Here are Cisco and Artus in color, I did put the pictures in the September challenge


----------



## Kathie (Jul 31, 2008)

They are beautiful, Jerome!


----------



## Jérôme (Dec 5, 2008)

Cisco and Artus today :


----------



## Missy (Nov 6, 2006)

look at those beautiful redheads!!!


----------



## Leslie (Feb 28, 2007)

Gorgeous!


----------



## Sheri (Oct 11, 2008)

I just LOVE Artus and Cisco's color!!


----------



## Amy R. (Jul 1, 2007)

It's nice to hear from you, Jerome. Your dogs are absolutely gorgeous. My Heath has a similar coloration. I'll be posting some new pix soon. . . a bientot. . . .


----------



## Xtina88 (Oct 5, 2009)

Accueil! Votre chiens sont tres attrayants. Vous apprecierez ce lieu!  Desole, mon francais n'est pas tres bon ha ha


----------



## marltonmommy (Aug 28, 2009)

WOW! Just beautiful!!


----------



## TheVintageVamp (Oct 14, 2009)

Oh wow, I just love their coloring! What beautiful babies.


----------



## murphymoesmamma (Apr 1, 2009)

What lovely coloring they Hav!


----------



## Jérôme (Dec 5, 2008)

a last picture taken last sunday of Artus and Cisco:


----------



## katkoota (Feb 25, 2010)

Jérôme said:


> a last picture taken last sunday of Artus and Cisco:


beautiful


----------



## dbeech (Jun 16, 2009)

Great picture, such handsome boys!!!


----------



## Kathie (Jul 31, 2008)

They are just beautiful!


----------



## marjrc (Jan 13, 2007)

Very handsome boys, Jerome! I always love seeing pictures of Cisco and Artus.


----------



## Jérôme (Dec 5, 2008)

a last picture of Artus :


----------



## pjewel (Apr 11, 2007)

OMG, he is just gorgeous! I've always been in love with both your little ones. I love seeing them.


----------



## Kathie (Jul 31, 2008)

Both of your boys are gorgeous with such beautiful color!


----------



## Thumper (Feb 18, 2007)

GORGEOUS...with a capital G and them some! Super sexy boys, Gucci better not see this thread, she may want a poster to hang on the wall.......:bolt:

Kara


----------



## Lilly'sMom (Jan 28, 2010)

Absolutely beautiful!


----------



## Pixiesmom (Jul 31, 2008)

WOW!!!


----------



## irnfit (Nov 21, 2006)

WOW, Jerome. He is really beautiful. My Kodi looks a little like Artus.


----------



## The Laughing Magpie (Aug 20, 2009)

Oh both your boys are so handsome!!!!! So beautiful.


----------



## Jérôme (Dec 5, 2008)

irnfit said:


> WOW, Jerome. He is really beautiful. My Kodi looks a little like Artus.

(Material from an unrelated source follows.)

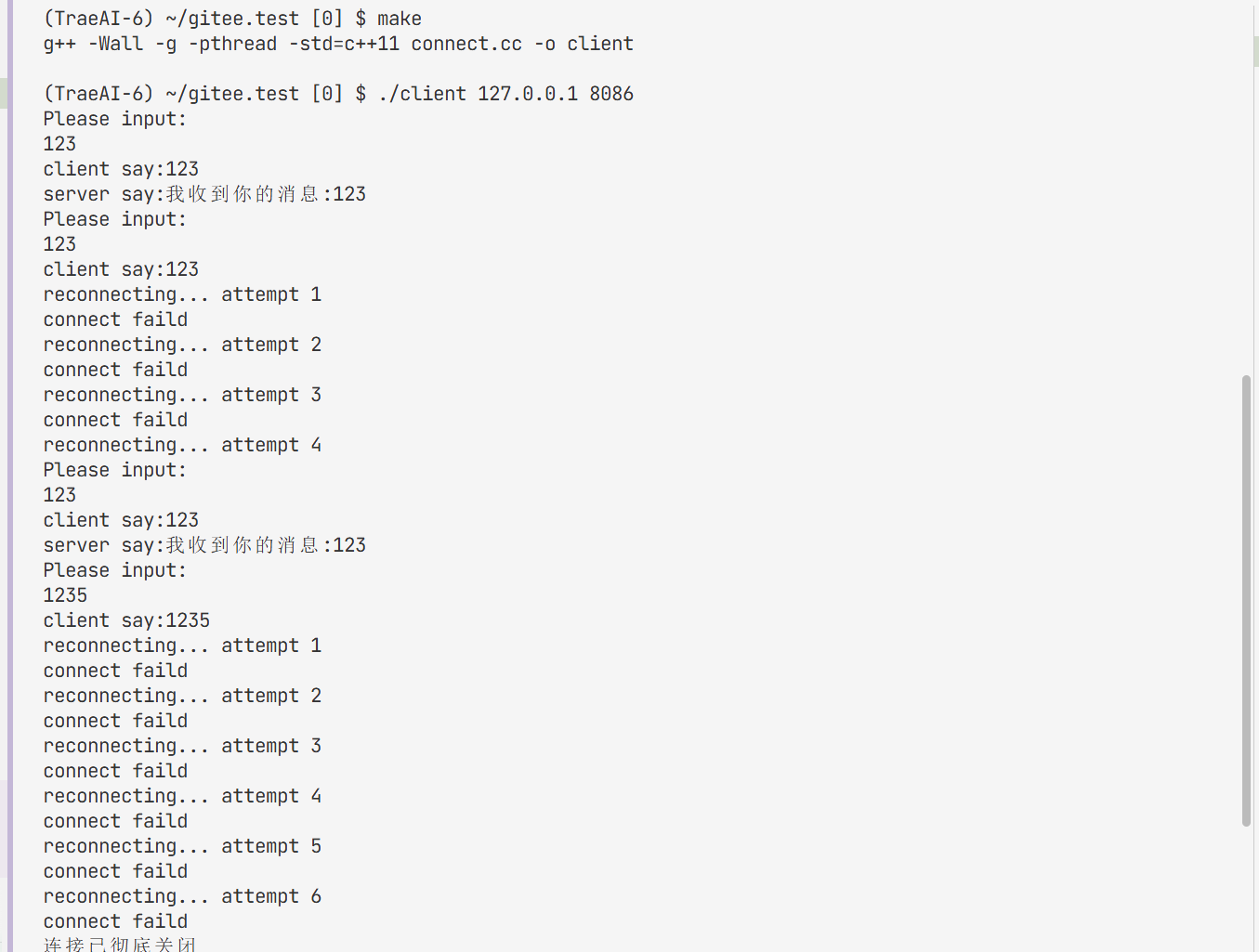 std::cout << "reconnecting... attempt " << i + 1 << std::endl;

Your Kodi is also beautiful


----------



## motherslittlehelper (Mar 18, 2010)

Beautiful guys, both Artus and Kodi! And, Kara, if Gucci sees their photos she is likely to want the real thing - not just some poster!!


----------



## Jérôme (Dec 5, 2008)

Here are some pictures that I just received, they where taken by a professional during a show


----------



## katkoota (Feb 25, 2010)

BEAUTIFUL


----------



## Kathie (Jul 31, 2008)

Gorgeous pictures - gorgeous dogs! Thanks for sharing those, Jerome!


----------



## krandall (Jun 11, 2009)

Jérôme said:


> Here are some pictures that I just received, they where taken by a professional during a show


He is SO beautiful, Jerome!!!!


----------



## Suzi (Oct 27, 2010)

So you not only live in beautiful Paris you have beautiful Havanese!


----------